In a book I am reading is the following exercise:
Let $f(x) = \frac{1}{2}x^TQx+c^Tx+\gamma$ with $Q \in \mathbb{R}^{n \times n}$ symmetric and positive definite and $c \in \mathbb{R}^n$ and $\gamma \in \mathbb{R}$. Let further $x^*$ be the global minimum of $f$. Then holds:
$$\frac{1}{2}(x-x^*)^TQ(x-x^*) = f(x) - f(x^*)$$
for all $x \in \mathbb{R}^n$.
I tried to simply multiply the left side and compare it to the right one, but it did not work out:
$$\frac{1}{2}(x-x^*)^TQ(x-x^*) = f(x) - f(x^*)$$
$$\Longleftrightarrow \frac{1}{2}x^TQx-\frac{1}{2}x^TQx^*-\frac{1}{2}x^{*^T}Qx+\frac{1}{2}x^{*^T}Qx^* = \frac{1}{2}x^TQx + c^Tx- \frac{1}{2}x^{*^T}Qx^{*} - c^Tx^*$$ $$\Longleftrightarrow -\frac{1}{2}x^TQx^*-\frac{1}{2}x^{*^T}Qx+\frac{1}{2}x^{*^T}Qx^* = c^Tx- \frac{1}{2}x^{*^T}Qx^{*} - c^Tx^*$$ $$\Longleftrightarrow -\frac{1}{2}x^TQx^*-\frac{1}{2}x^{*^T}Qx+x^{*^T}Qx^* = c^Tx-c^Tx^*$$
I think we might need to use that $Q$ is symmetric and positive definite.

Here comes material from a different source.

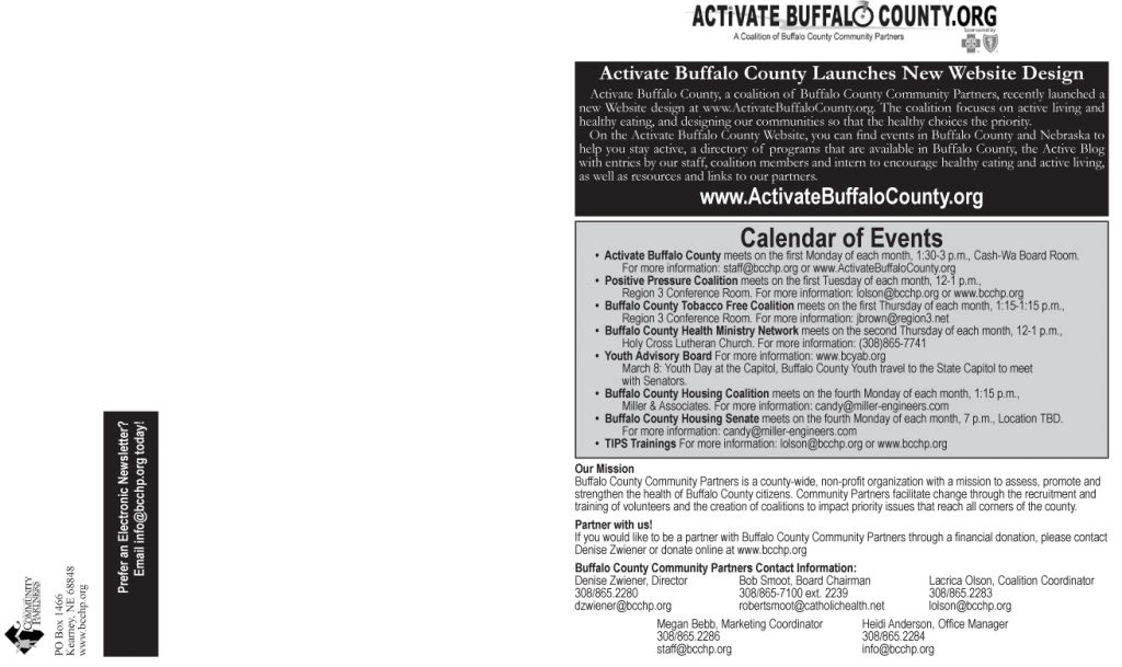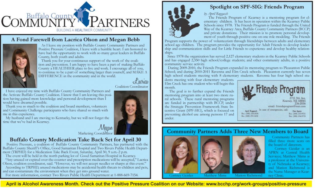 The April Newsletter for Buffalo County Community Partners is now available. To view the newsletter, click on an image below or April 2011 Newsletter.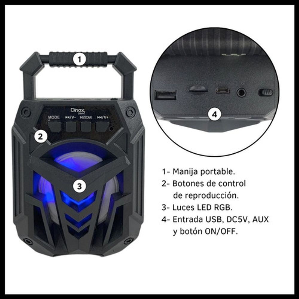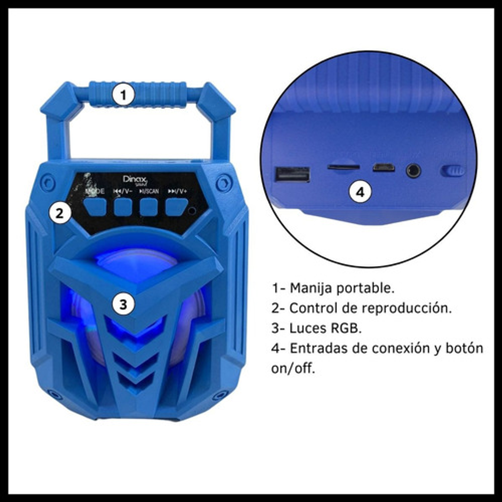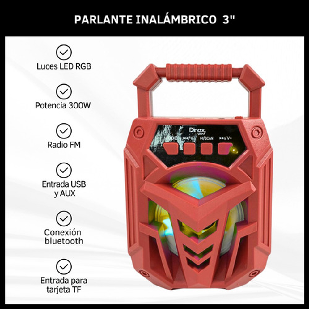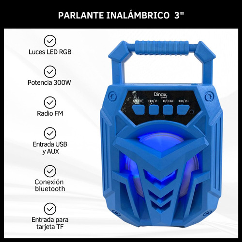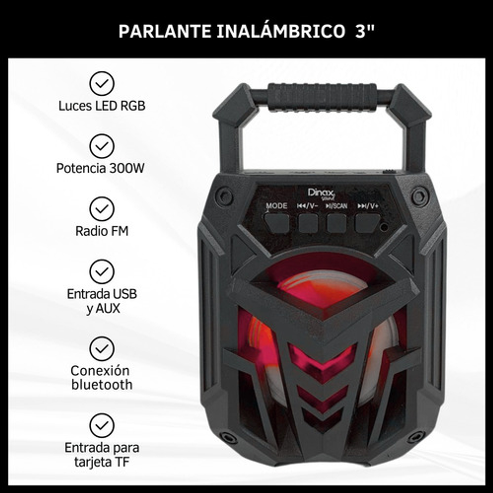 PARLANTE INALÁMBRICO 3" CON LUCES LED RGB 300W:

Could you give me a hint?
Hint:
You might want to use the property that $x^*$ satisfies $Qx^*+c=0$ and also use the trick that we can add and subtract the same constant.
Edit:
\begin{align} &\frac12 x^TQx-\frac12 x^{*T}Qx-\frac12 x^{*T}Qx+\frac12x^{*T}Qx^*\\ &=\frac12x^TQx+c^Tx+\frac12x^{*T}Qx^* \\ &=\frac12x^TQx+c^Tx-\frac12x^{*T}Qx^*+x^{*T}Qx^* \\ &=\frac12x^TQx+c^Tx-\frac12x^{*T}Qx^*-c^Tx^* \\ \end{align}